Eligible patients (111) had bone metastases from prostate cancer, other solid tumors or multiple myeloma, 1 or more bone lesions and urine N-telopeptide greater than 50 nM bone collagen equivalents per mM creatinine (urine N-telopeptide greater than 50) despite the use of intravenous bisphosphonates. Patients were stratified by cancer type and screening urine N-telopeptide, and randomized to continue intravenous bisphosphonates every 4 weeks or receive 180 mg subcutaneous denosumab every 4 weeks or 180 mg every 12 weeks. The primary end point was the proportion of patients with urine N-telopeptide less than 50 at week 13. We report the efficacy results for the subset of patients with prostate cancer.

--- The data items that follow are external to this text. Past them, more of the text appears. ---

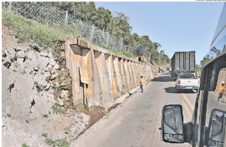
A partir de 2 de julho, sistema de comboio, que vinha sendo utilizado, será suspenso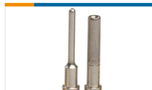
TE 产品编号ZPF0000000000001261 097-0267-16 A1267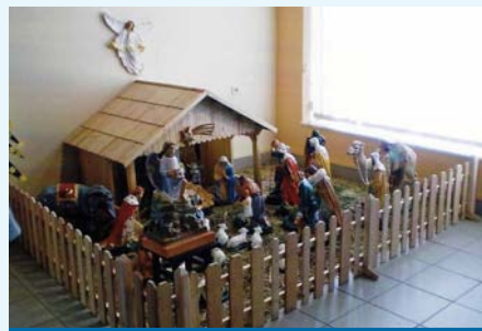
Betlém z kostela sv. Martina

A již jsou tu ty vytoužené svátky klidu, míru a pokoje. Pro věřící obyvatele jsou spojeny s církevními aktivitami v kostele: 24. prosince – Štědrý den je v kostele sv. Martina sloužena „půlnoční mše svatá“ ve 21.00 hodin, 25. prosince – Slavnost Narození Páně a 26. prosince – Svátek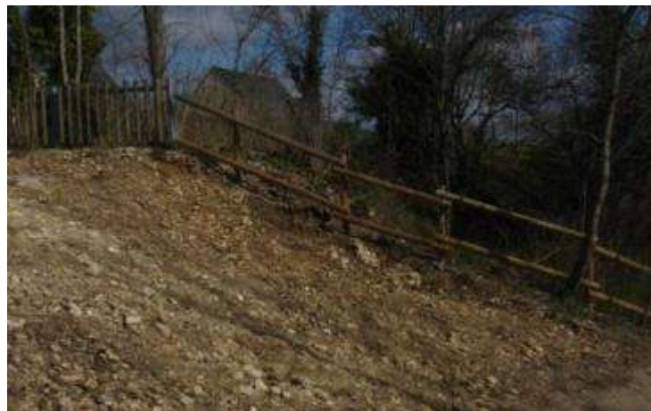
Essai de suppression de la couche de terre végétale. 2008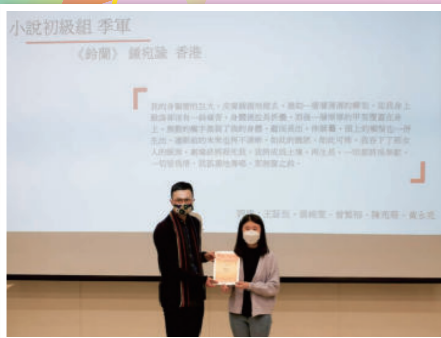
第49屆青年文學獎小說初級組季軍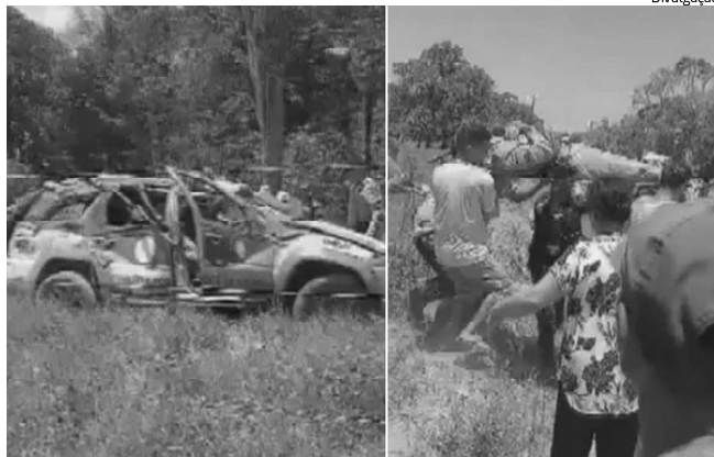
Um policial ficou preso entre às ferragens e precisou ser resgatado

Dois policiais militares ficaram feridos após a viatura em que estavam capotar durante uma perseguição a um carro na BA-274, na zona rural da cidade de Canavieiras, no sul da Bahia, na tarde de quarta-feira (22).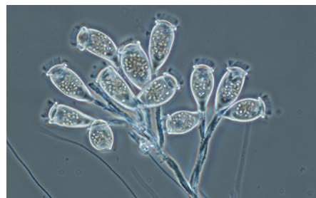
Los microbios como estos protozoos ciliados ayudan a eliminar las bacterias y el material orgánico del agua durante el tratamiento secundario.

¿Cómo sabemos que estamos haciendo un buen trabajo? Las plantas de tratamiento de aguas residuales están reguladas por el programa de permisos del Sistema Nacional de Eliminación de Residuos Contaminantes (NPDES, por sus siglas en inglés), de la Agencia de Protección Ambiental. Los permisos del NPDES establecen rigurosos estándares que el agua de la planta debe cumplir. La Asociación Nacional de Agencias de Agua Limpia ha otorgado a O'Brien WRP los más importantes galardones de la Asociación por el cumplimiento de estos estándares. También vemos los beneficios producidos por nuestro trabajo en una mayor actividad recreativa en las vías fluviales, como kayak y canotaje, la recuperación del hábitat acuático y aumentos en la cantidad de especies de peces. Estamos reduciendo el uso de energía en nuestras instalaciones, con el fin de reducir las emisiones de gases de efecto invernadero, y estamos recuperando valiosos recursos y expandiendo el uso de biosólidos en toda la región.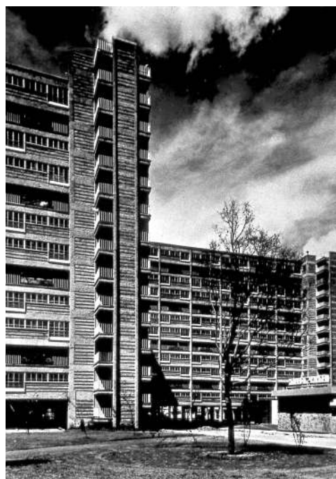
Centro Urbano Presidente Alemán https://images.app.goo.gl/

"En el urbanismo, hay creación, luego hay arte, sin que esto signifique que este confundiendo el urbanismo con el arte urbano, que sería como confundir a la arquitectura con la escenografía o la simple construcción".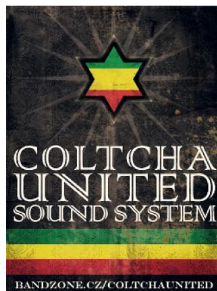
Obr. 27 Logo/banner 1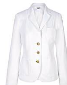
MAYFAIR BY PETER HAHN 104 720 35 € 199,95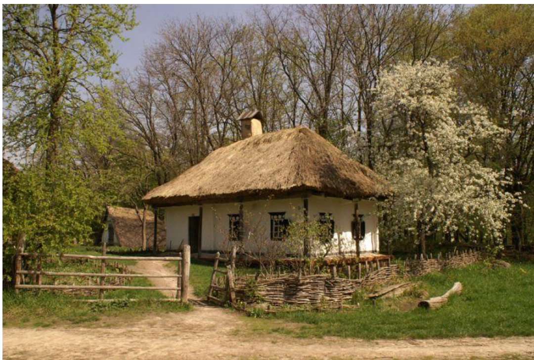
Рис.2.12. Оселя на території Слобожанщини

Характерні особливості будівництва оселі показано на рис. 2.12.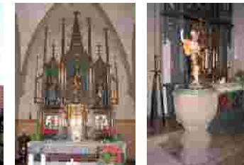
Altar und Taufbecken in der St. Laurentius Kirche in Kronungen

Eine Mariensäule, alte Fachwerkhäuser sowie ein Jakobusbildstock von 1553 (östlich der B 19 Richtung Maibach) sind sehenswerte Zeugnisse des Ortes. Die nächste Station ist Kronungen , wo die kath. Pfarrkirche St. Laurentius innen reizvolle Rankenmalereien aufweist.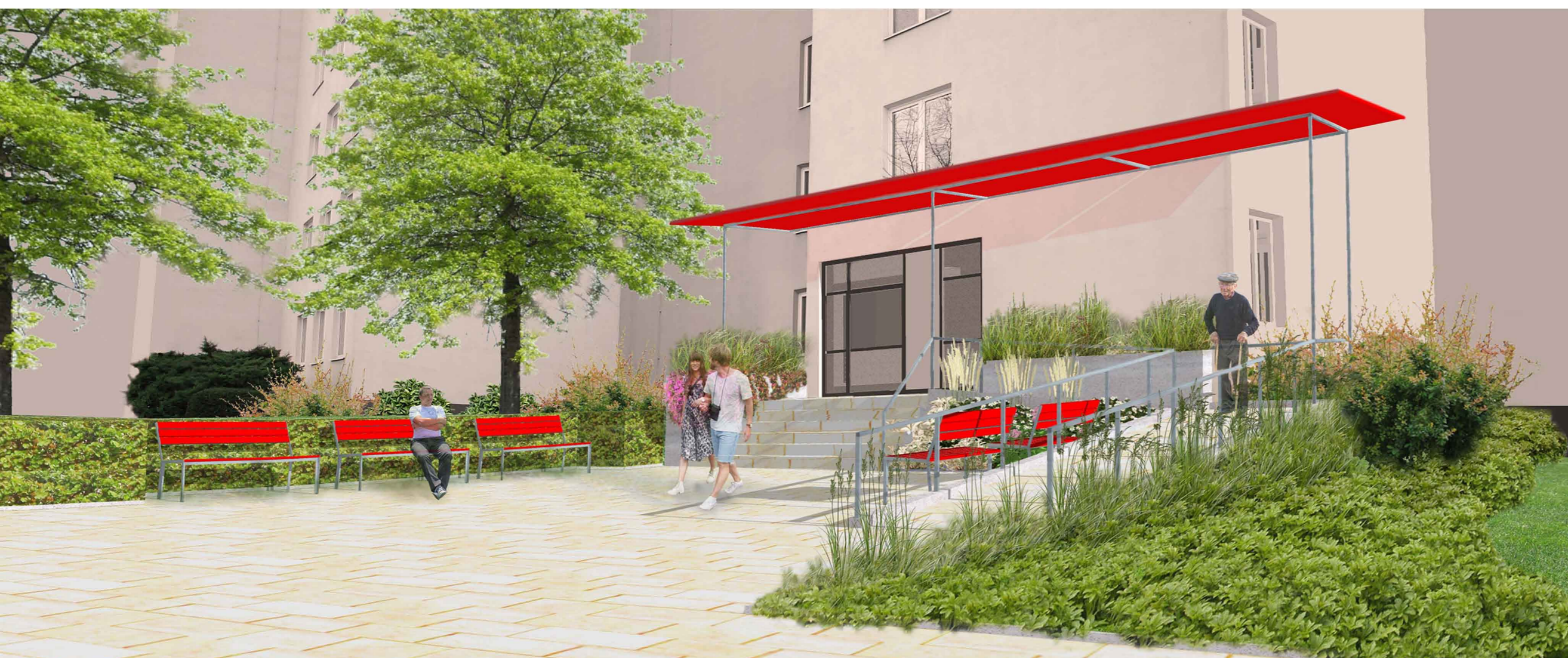
ŘEŠENÍ HLAVNÍHO VSTUPU DO PANELOVÉHO DOMU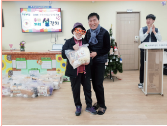
설맞이 행사 [우리끼리 설잔치](2020.1.23.)

알콩달콩 우리끼리 조출한 설 잔치였지만, 다음에는 더 많은 이웃과 행복을 나누는 자리가 되길 바랍니다.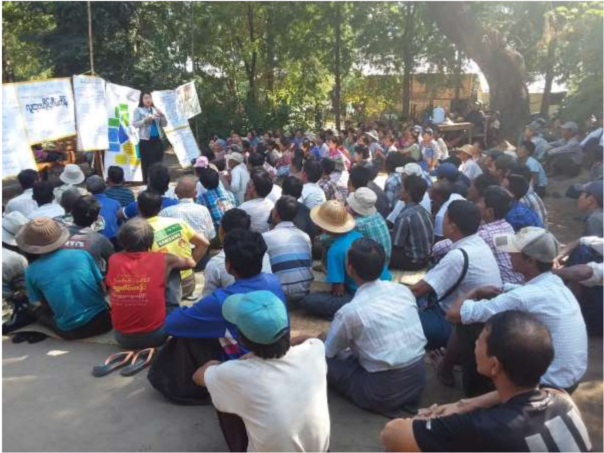
အစည်းအဝေးတွင် PRA များရေးဆွဲနေပုံ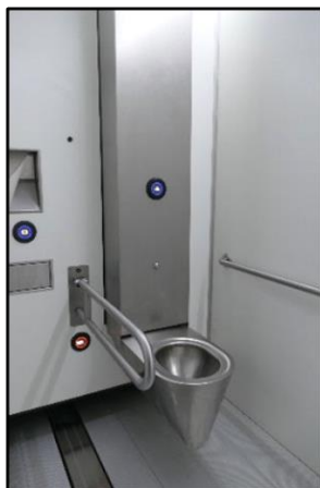
Beugel rechts neergeklapt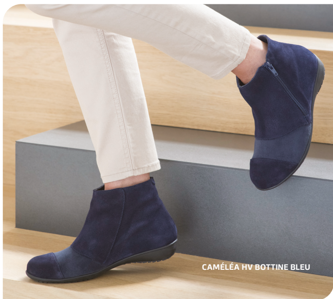
CAMÉLÉA HV BOTTINE BLEU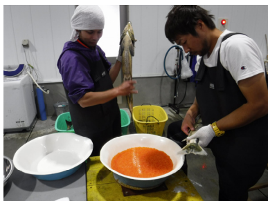
④受精（媒精し、等張液により受精させる）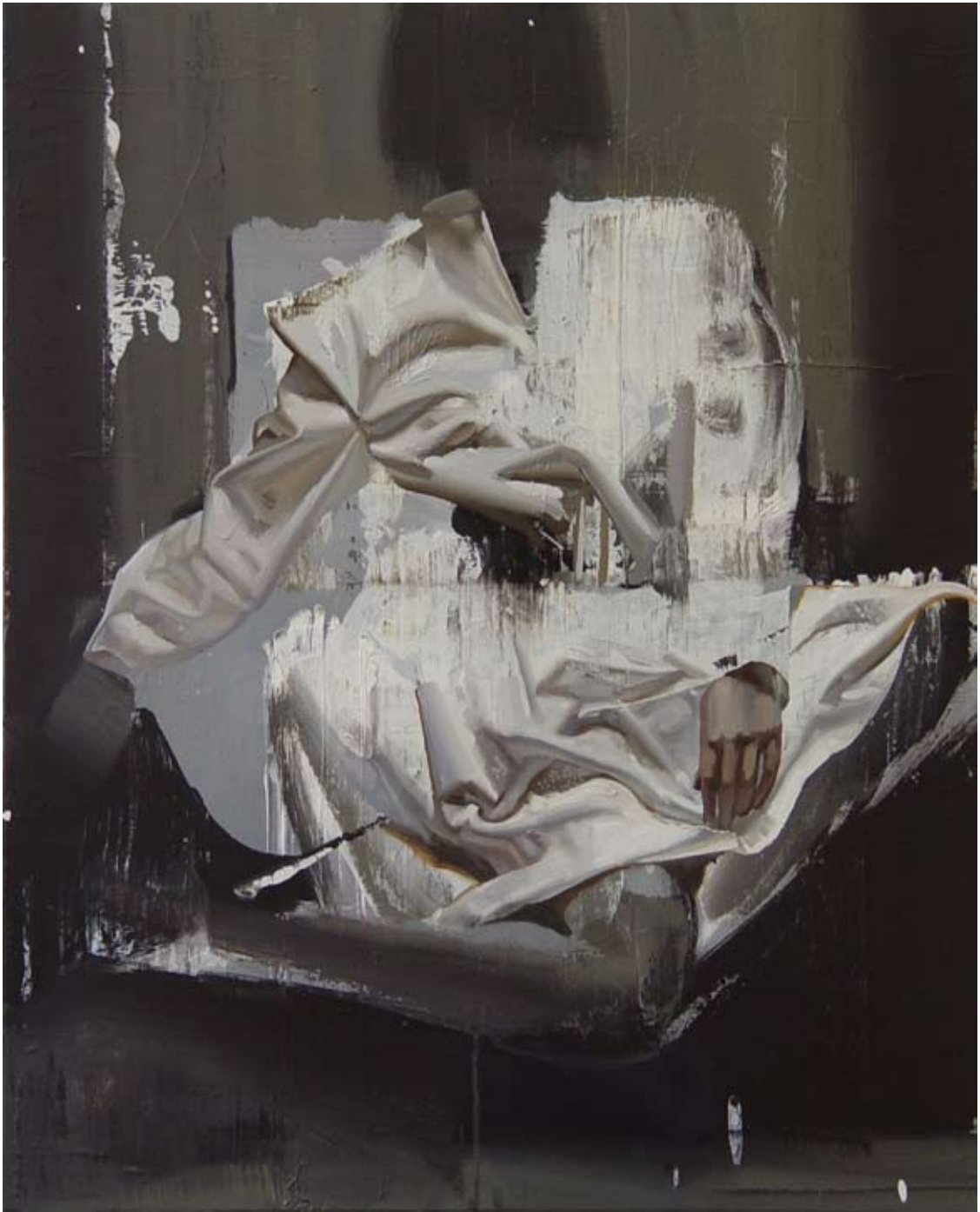
Schneewittchen | acrylic, oil on canvas | 100 x 80cm | 2012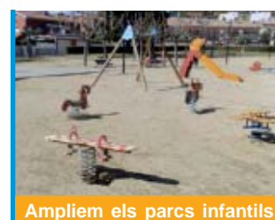
Ampliem els parcs infantils

La Regidoria d'Obres i Serveis ha dut a terme diverses actuacions al municipi en l'àmbit de la millora de l'espai públic. En concret, s'han ampliat les àrees de jocs infantil dels parcs de la riera del Gorg, Germans Gabrielistes i Can Boada amb nous elements provinents de l'antic parc de l'Av. Toni Sors, on a finals del passat mes de novembre l'Ajuntament va inaugurar un parc infantil, inspirat en il·lustracions de la ninotaire Pilarín Bayés. Altra actuació destacada, ha consistit en la instal·lació de bujols per a la recollida selectiva de residus als parcs de la riera del Gorg, Terral, Can Boada, Germans Gabrielistes i Av. Toni Sors.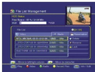
Izbornik za rad sa snimkama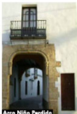
Arco Niño Perdido

El patrimonio religioso se completa con las capillas del "Carmen" y de "San Bartolomé", s. XVII, situadas prácticamente enfrente una de la otra, en la popular Avenida de San Juan Bosco. También cuentan con un importante patrimonio artístico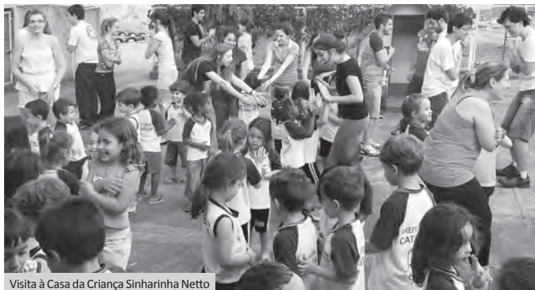
Visita à Casa da Criança Sinharinha Netto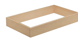
⑥シナリオ スタッキング用木枠 シェーンバルド 9377940 505×300×H72 4063300 ¥9,000

④又は⑤の木枠を積み上げる際、⑥を使用することで木枠のスレを防ぎ、安全に積み上げることができます。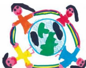
Esempi stampa retro bustina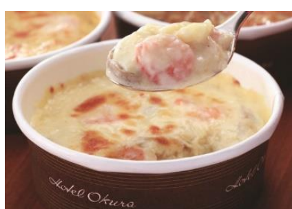
●ホテルオークラ「グラタン&ドリア」5,400円 (シュリンプマカロニグラタン・ポテトグラタン・ビーフドリア各2)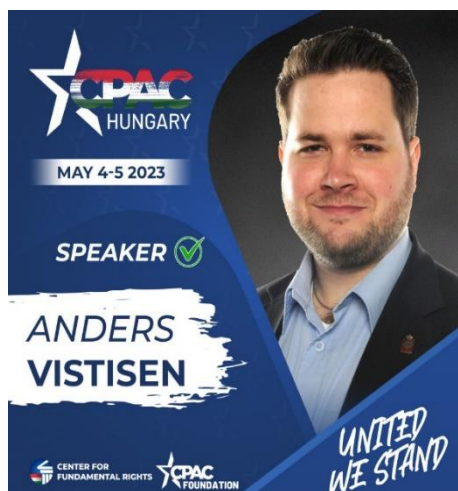
Danish Mep, The Opponent of Gender Propaganda

Fra dansk side deltog Anders Vistisen , medlem af EU-parlamentet for Dansk Folkeparti.

Patients with prostate cancer represented 45% (50 of 111) of the study population. At week 13, 22 of 32 (69%) patients in the denosumab arms had urine N-telopeptide less than 50 vs 3 of 16 (19%) in the intravenous bisphosphonates cohort. At week 25, 22 of 32 (69%) denosumab treated patients continued to have urine N-telopeptide less than 50 vs 5 of 16 (31%) treated with intravenous bisphosphonates. Grade 4, asymptomatic, reversible hypophosphatemia, possibly related to denosumab, was reported in 1 patient.
In patients with prostate cancer related bone metastases and increased urine N-telopeptide despite intravenous bisphosphonate treatment, denosumab normalized urine N-telopeptide levels more frequently than ongoing intravenous bisphosphonates.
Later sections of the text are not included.